I was not allowed out. Neither was Mary. Shoppes and markets were closed, but Nathaniel and his father went to their countinghouse. Business fell off. Carriages and carts rumbled outside in the streets as people fled town. The lieutenant governor adjourned the General Court. Everything was in a state of mayhem. And the Wheatleys were no different.
By the last week in February, the pesthouses were full. And it seemed as if every other house on our street flew a smallpox flag.
Aunt Cumsee sprinkled sulfur all over the house. It smelled horrible. Then she took to smoking a pipe and puffing smoke all over the place.

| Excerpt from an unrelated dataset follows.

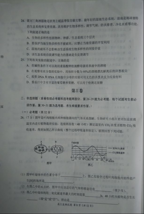 豫南九校2016-2017学年上期期末质量考评高三生物试题及答案(8)

“Things can’t get much worse,” Mr. Wheatley said. We were taking our main meal—at two during the winter, because the light was better. “Isn’t the pox enough? Now we hear that Harvard Hall has burned down.”
“Things can and will get worse if we don’t get inoculated,” Nathaniel said.
“Inoculated?” Mrs. Wheatley dropped her spoon. “You heard what Reverend Sewall said about that. If God sent the pox to scourge His people, what He desired was not inoculation but repentance!”
“With all due respect for the good reverend, Mrs. Wheatley,” her husband said, “if God gave us the intelligence to discover inoculation, I am sure He wishes us to seize the remedy and use it.”
I had heard the Reverend Sewall’s passionate sermon. I shivered, knowing I was one of the sinners for whom God had visited the disease upon us.
I had taken too readily to the Koomi ways, too easily forgiven them for enslaving my people. I had fallen prey to their soft words, their riches, their gifts.
I had never repented for disobeying my mother and running off to meet with Obour that morning. My mother was dead because of it.
“We must pray,” Mrs. Wheatley was saying.
“We can do that better if we live than if we die,” her husband answered. “And apparently many others agree. They are pouring into town for inoculation.”
“The selectmen have agreed to let the inhabitants try it, Mother,” Nathaniel said carefully.
“But it’s dangerous!”
“What choice do we have, Mother?” he asked. “Boston fought against inoculation in the epidemic of twenty-one, but we are now ready. Dr. Sprague has agreed to come to the house and do it. He and Drs. Warren, Kast, Perkins, and Lloyd are wearying themselves to the bone, inoculating people all over town. Dr. Clark is doing it free for the poor.”
Of a sudden Mary gave a choking sob. “What about John?”
“Reverend Lathrop has already been inoculated, Mary,” Nathaniel told her. “He sent word to the countinghouse that he did it to give good example.”
“Then I can do no less,” Mary said.
“Brave girl,” Nathaniel told her.
Mary nodded, white faced.
“Then you have made arrangements?” his mother asked.
“Sprague comes tonight,” Nathaniel said.
At that moment we heard a yowl and a great crashing sound. It came from the kitchen. We got up and ran.
Aunt Cumsee lay on the floor. Sulie stood over her, screaming.
Prince, Nathaniel, and Mr. Wheatley lifted Aunt Cumsee to bed. By the end of the day we knew she had the pox.
Mr. Wheatley went to the selectmen for a flag to put out in front of our house. And a guard.
I went to my room and closed my door. I would not be inoculated. I was not afraid, no. It was more than that. God had sent the disease to scourge me. He wanted repentance! And now Aunt Cumsee was sick. I must repent and save her.